When there is auto-correlation in the residuals (after modelling trends, seasonality, effects of explanatory variables).
If we ignore autocorrelation:
-
standard error estimates are wrong
-
predictions and prediction intervals are wrong
Terminology / Definitions
time series: \(y_1, ..., y_t\)
autocorrelation: correlation with previous values,
Basic time series processes
AR process (auto-regressive)
\[\mbox{AR(p):} \qquad x_t = \phi_1 x_{t-1} + \phi_2 x_{t-2} + ... + \phi_p x_{t-p} + e_t\]
\[\mbox{AR1:} \qquad x_t = \phi x_{t-1} + e_t\]
Why would anything behave like this?
I see \(x_{t-1}\) as a measure of everything that was not measured explicitly at previous time step.
Random walk
\[x_t = x_{t-1} + e_t\]
AR1 processes, different \(\phi\)
Stationarity
- mean, variance, correlations stay constant over time
Why is stationarity important?
There is a single observation per time point.
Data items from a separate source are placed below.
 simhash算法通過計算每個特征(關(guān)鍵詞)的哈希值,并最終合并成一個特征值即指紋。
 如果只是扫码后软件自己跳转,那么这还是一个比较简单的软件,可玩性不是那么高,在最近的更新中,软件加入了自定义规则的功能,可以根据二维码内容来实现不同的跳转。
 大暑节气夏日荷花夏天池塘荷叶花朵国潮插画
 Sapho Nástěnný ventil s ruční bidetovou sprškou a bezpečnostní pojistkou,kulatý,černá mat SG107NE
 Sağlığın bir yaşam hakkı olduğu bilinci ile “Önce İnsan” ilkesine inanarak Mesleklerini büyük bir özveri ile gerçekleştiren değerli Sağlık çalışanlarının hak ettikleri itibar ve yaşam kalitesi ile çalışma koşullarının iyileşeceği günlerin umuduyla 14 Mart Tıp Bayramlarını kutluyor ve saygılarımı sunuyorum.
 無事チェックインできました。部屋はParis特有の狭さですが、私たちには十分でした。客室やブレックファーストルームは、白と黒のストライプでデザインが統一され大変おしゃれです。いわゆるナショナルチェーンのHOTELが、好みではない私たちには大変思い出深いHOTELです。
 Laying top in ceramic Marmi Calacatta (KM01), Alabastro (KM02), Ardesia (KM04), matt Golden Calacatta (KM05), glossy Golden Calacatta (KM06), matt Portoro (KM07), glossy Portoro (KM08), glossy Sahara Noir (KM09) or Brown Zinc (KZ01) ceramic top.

If mean and variance are different for every point, we can’t estimate mean and variance, correlation or model parameters.
AR1 processes are stationary if \(|\phi| < 1\).
non-stationarity means
mean changes, variance changes, seasonality present, correlation changes
MA(q) process (moving average)
\[y_t = \theta_1 e_{t-1} + \theta_2 e_{t-2} + \ldots + \theta_p e_{t-p} + e_t\]
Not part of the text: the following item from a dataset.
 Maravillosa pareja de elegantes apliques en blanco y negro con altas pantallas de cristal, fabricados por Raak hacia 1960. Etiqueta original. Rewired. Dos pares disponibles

sum of previous shocks / events
White noise
identically, independently distributed, mean 0, no autocorrelation
ACF and PACF
autocorrelation function, partial autocorrelation function
partical autocorrelation is the correlation between \(z_t\) and \(z_{t+k}\) that is not accounted for by lags 1 to k.
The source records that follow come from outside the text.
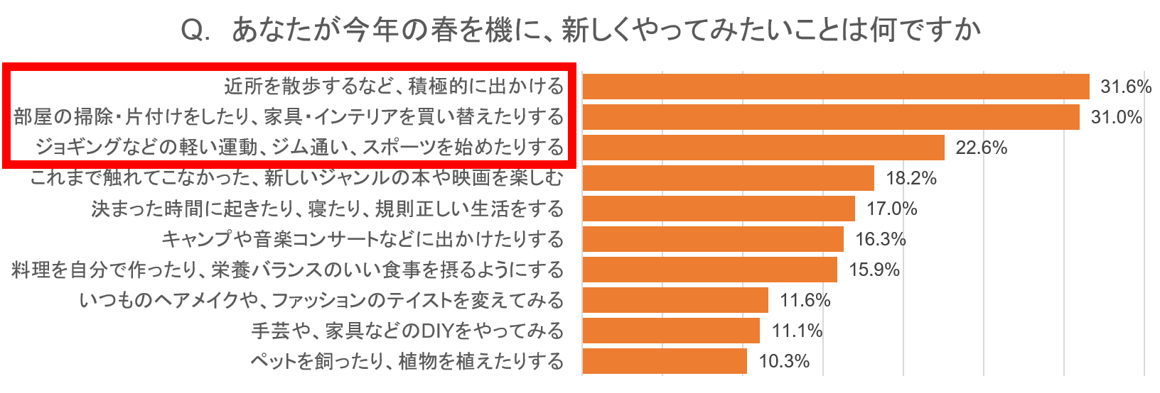 新しくやってみたいことを具体的に聞いたところ、近所の散歩やジョギング、ジム通いに加えて、部屋の整理やインテリアの買い替えなど、簡単に始められることに注目が集まり、そのために必要なモノとして、ホーム・キッチン用品、スポーツ・フィットネス用品、ファッションなどへの関心が高いこともわかりました。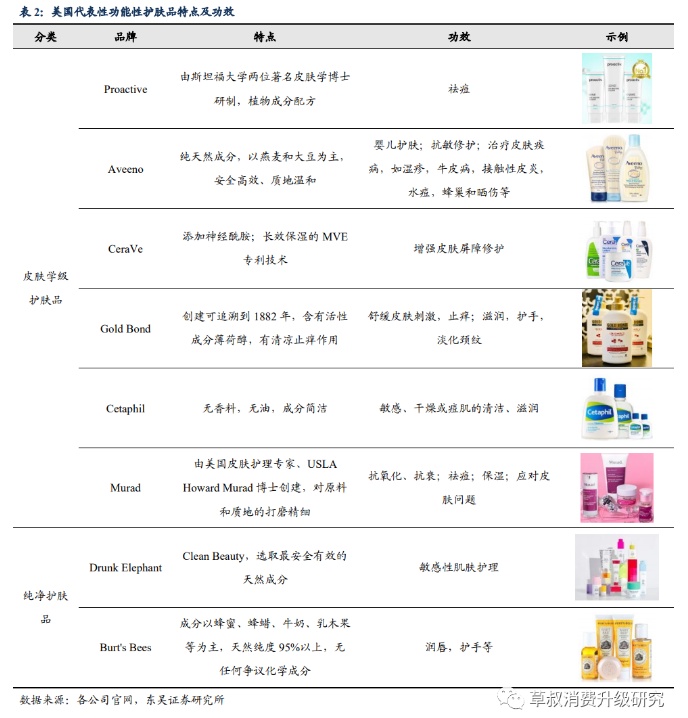 他山之石:美、日、欧的功能性护肤品发展经验几何?受资源禀赋、消费习惯、消费结构等因素影响,各国功能性护肤品演化出不同类型,例如美国青睐高科技成分的皮肤学级产品和纯净护肤品,欧洲尤为流行较为温和的温泉系皮肤学级护肤品,日本流行补水和敏感肌修复功效的皮肤学级产品和纯净护肤品。
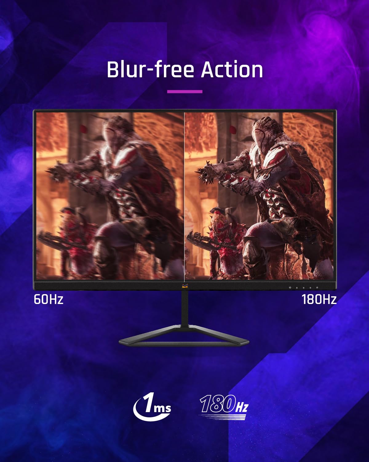 180Hz refresh rate which means that even when the action heats up, your gameplay will be smooth and lag-free, 0.5MS Response time for for blur free gaming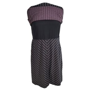 J. Jill Ponte dress in black with red and white pinstripe pattern on the top contrasting the chevron pattern on the bottom skirt. Buttons run down the skirt portion. The top drapes over the skirt for a separates look. Very good condition.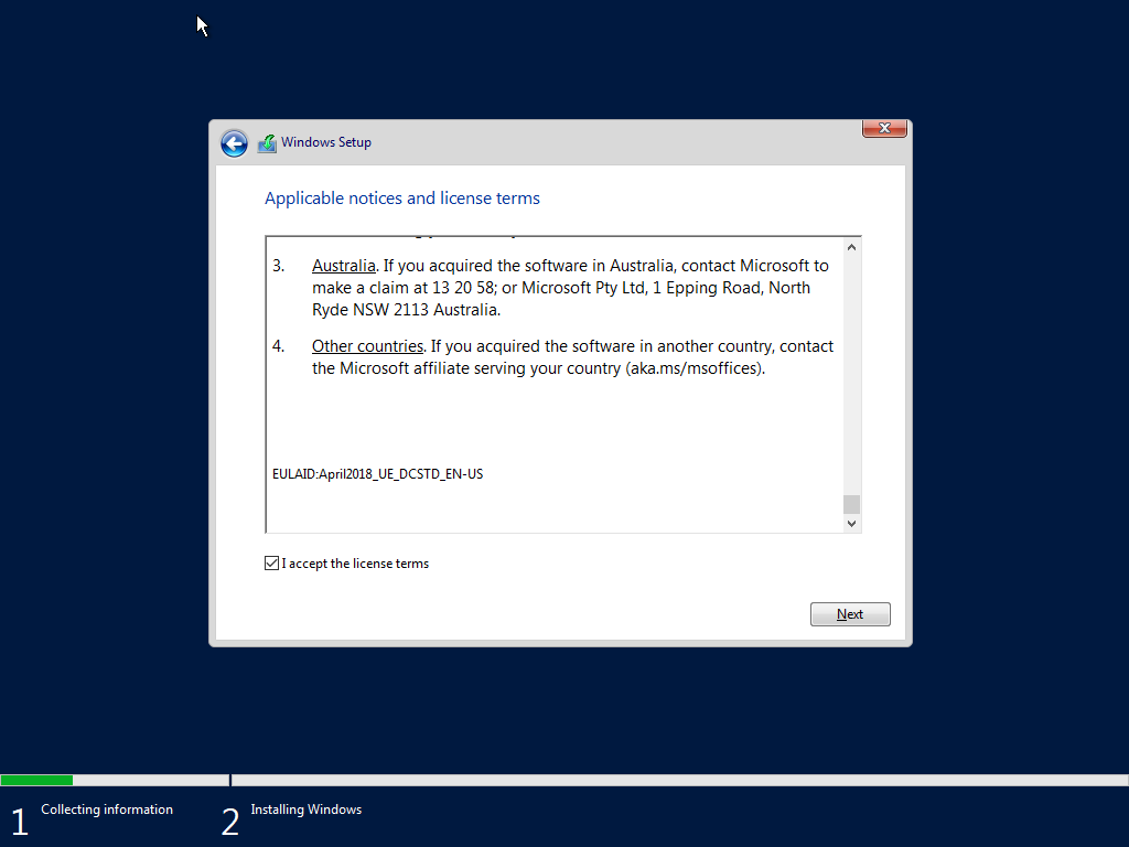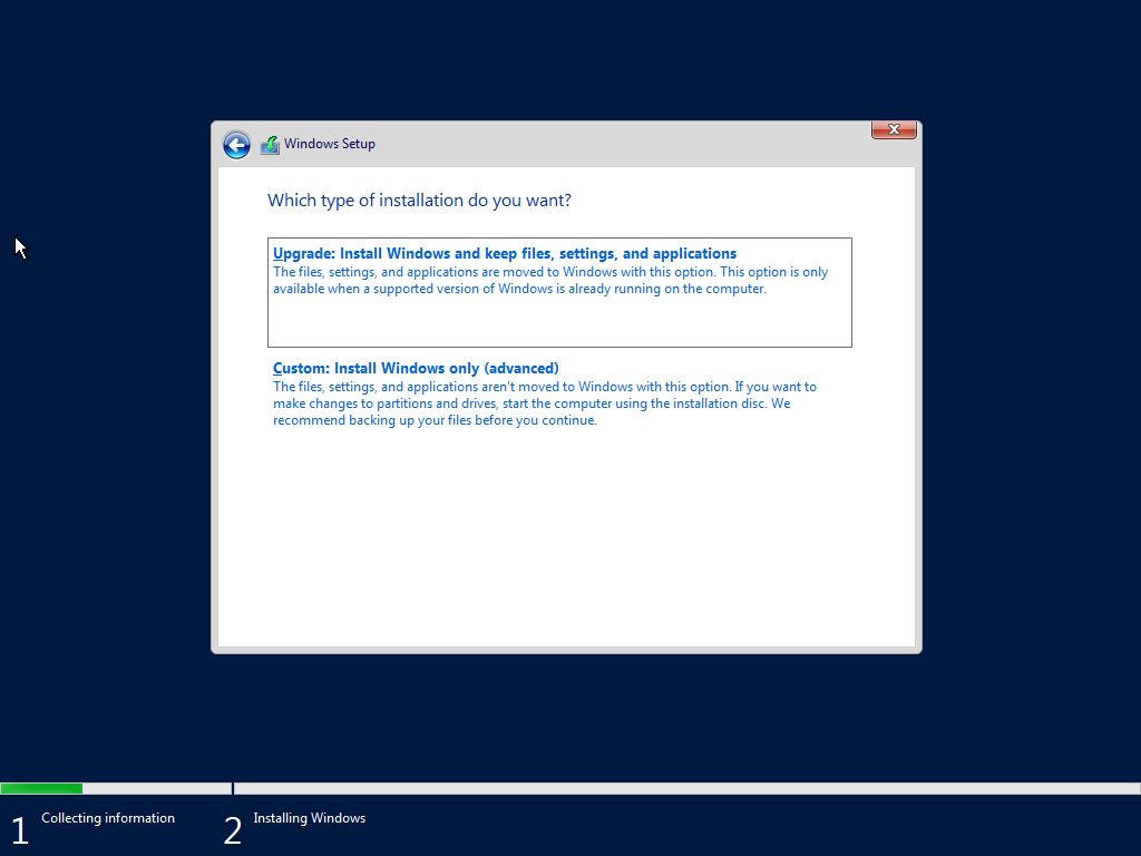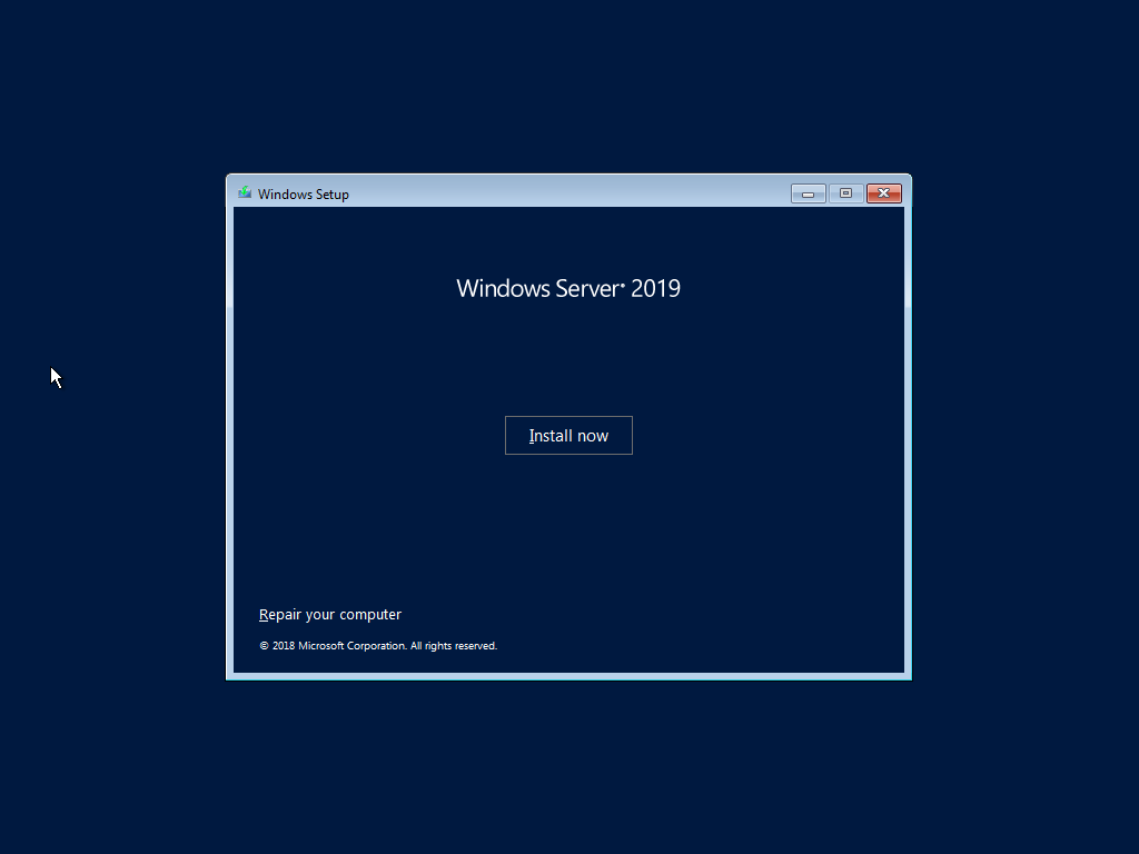Inicia la MV. Apareixerà la pantalla inicial de Windows Setup.

Three approaches to time series modelling
1. ARIMA, very briefly
arima(p, d, q)
p = order of autoregressive process, d = difference order, q = order of moving average process
If \(y_t\) is not stationary then \(y_t - y_{t-1}\) sometimes is (first order differences).
ARIMA: auto-regressive, integrated, moving average
‘integrated’ refers to differencing
Three approaches to time series modelling
2. Regression
Ignore or model auto-correlation in errors like this:
\[y_t = \beta_0 + \beta_1 x_t + \nu_t\]
\[\nu_t = \phi \nu_{t-1} + e_t\]
Not this:
\[y_t = \beta_0 + \beta_1 x_t + \phi y_{t-1} + e_t\]
problem: \(\beta_1\) is not change in response per unit change in \(x\)
Simulate some data with autocorrelation, fit regression model
acf2
comes from package astsa
, and skips the auto-correlation at lag 1.
ARMA errors
arima
with xreg
models autocorrelation in errors
a1 <- arima(y, order = c(0, 0, 0), xreg = x)
a2 <- arima(y, order = c(1, 0, 0), xreg = x)
##
## Call:
## arima(x = y, order = c(1, 0, 0), xreg = x)
##
## Coefficients:
## ar1 intercept x
## 0.8238 2.1524 -1.9644
## s.e. 0.0544 0.5223 0.0640
##
## sigma^2 estimated as 0.5757: log likelihood = -114.85, aic = 237.7
Compare to true values: \(\beta_0 = 3, \beta_1 = -2, \phi = 0.9, \sigma^2 = 0.64\)
Regression without ARMA errors
##
## Call:
## arima(x = y, order = c(0, 0, 0), xreg = x)
##
## Coefficients:
## intercept x
## 1.4424 -1.8305
## s.e. 0.7726 0.1494
##
## sigma^2 estimated as 1.842: log likelihood = -172.43, aic = 350.86
Coefficient estimates are further from true values.